Failure is Allowed: The Secret to Trust-building
People make mistakes. You do and I do. Nobody’s perfect. But if you base your trust on people being perfect, how can you or I trust anyone! We can’t.
So our practice needs to be to stop controlling others so much. Allowing them the space to make mistakes. And if they are allowed to make mistakes, then they don’t get overwhelmed by fear.
Fear is the heart of the issue. When people are scared to make mistakes, they are more likely to make those very mistakes. And trust quickly breaks down.
Let’s try the opposite. Allow your friend or partner to make mistakes. Allow your children to make mistakes and learn from them. Give trust and don’t punish mistakes too much. If you punish mistakes, you generate fear and all the problems that go along with fear.
Trust Yourself First
To build trust in others, learn to trust yourself. By remembering you’re an imperfect and beautiful human, just like everyone else, just like the trees and grass, the flowers and rivers, you begin to feel you are good enough just the way you are. You see things as they really are. Yes you make mistakes, but you do so many things right too!

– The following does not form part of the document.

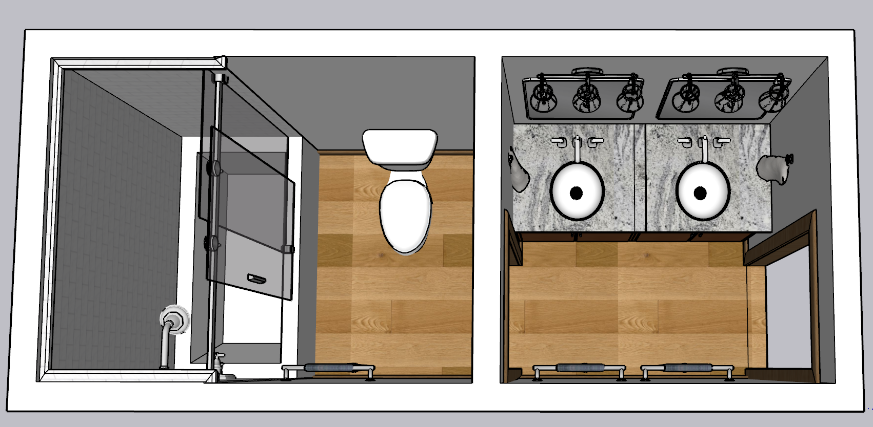 shower walls are white subway tile with white grout there is a niche in the right wall the walls are chantilly lace white add a 4 backsplash to the vanity on the back and sides make the sinks rectangles all of the hardware is brushed nickel the baseboards and doors are stained wood the floor is a orange brown rustic grain luxury vinyl plank the shower head and fixture is on the bottom wall remove the towel bar above the toilet add a glass shower door

The fact that you’re reading this blog is so wonderful - you’re nourishing your mind and heart with an uplifting and important topic. In this way, you do so many good things. Trust that things will turn out for the best. And even when they go wrong, they don’t really go wrong - no matter what happens, there’s something to learn from it. If Victor Frankl could take something positive from being in a concentration camp, so can you with your life and circumstance too (Check out his book, one of the best books of all time in my opinion, Man’s Search for Meaning).
So I urge you to start today, and with yourself. Trust is an inner journey.
Wisdom on Trust
I’d like to finish this article with some of the more popular quotes on trust, from some very wise people.
Let’s start with Shakespeare:
“Love all, trust a few, do wrong to none.”
― William Shakespeare
For Shakespeare, trust is a precious commodity and we need to be careful how much we give out.
Hemingway had an interesting thought about trust:
“The best way to find out if you can trust somebody is to trust them.”
― Ernest Hemingway
I think he’s right. If you don’t trust, you continue to question, question, question. But perhaps open your heart slowly and see what happens. I’m a fan of kaizen - step by step let your trust in others and yourself grow.
And let’s finish with Maya Angelou
“Have enough courage to trust love one more time and always one more time.”
― Maya Angelou
That’s perhaps the hardest of them all. Give yourself time to heal, fill your heart with love and compassion and then when you’re ready to do so, trust love one more time.
Having written this article, I feel much more open to trust my friend and forgive the one big mistake she made compared to the thousands of big things she did right too. If someone has broken your trust, I hope this inspires you in the same way. Let’s trust more and fear less.